GIVEN DATA:
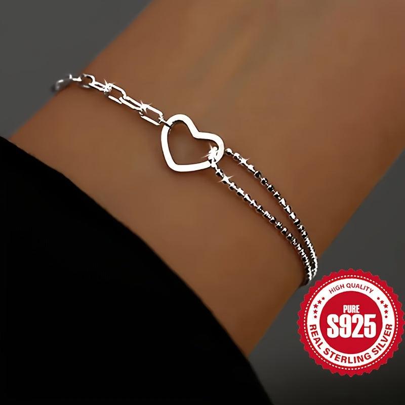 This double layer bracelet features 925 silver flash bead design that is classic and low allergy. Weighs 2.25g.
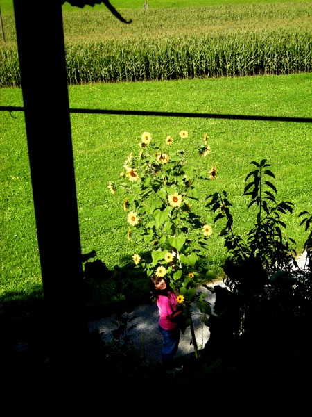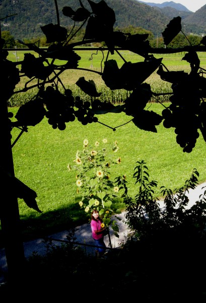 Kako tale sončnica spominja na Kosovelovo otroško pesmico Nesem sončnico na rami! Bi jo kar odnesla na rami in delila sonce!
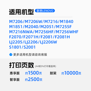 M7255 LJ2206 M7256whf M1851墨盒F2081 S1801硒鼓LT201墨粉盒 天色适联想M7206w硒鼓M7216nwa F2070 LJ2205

TASK PROMPT:
Leaving the pictures out, transcribe word for word the lines from the one with "Kako tale sončnica" to the end of the material above, inclusive, and nothing else.

WRITTEN ANSWER:
 Kako tale sončnica spominja na Kosovelovo otroško pesmico Nesem sončnico na rami! Bi jo kar odnesla na rami in delila sonce!
 M7255 LJ2206 M7256whf M1851墨盒F2081 S1801硒鼓LT201墨粉盒 天色适联想M7206w硒鼓M7216nwa F2070 LJ2205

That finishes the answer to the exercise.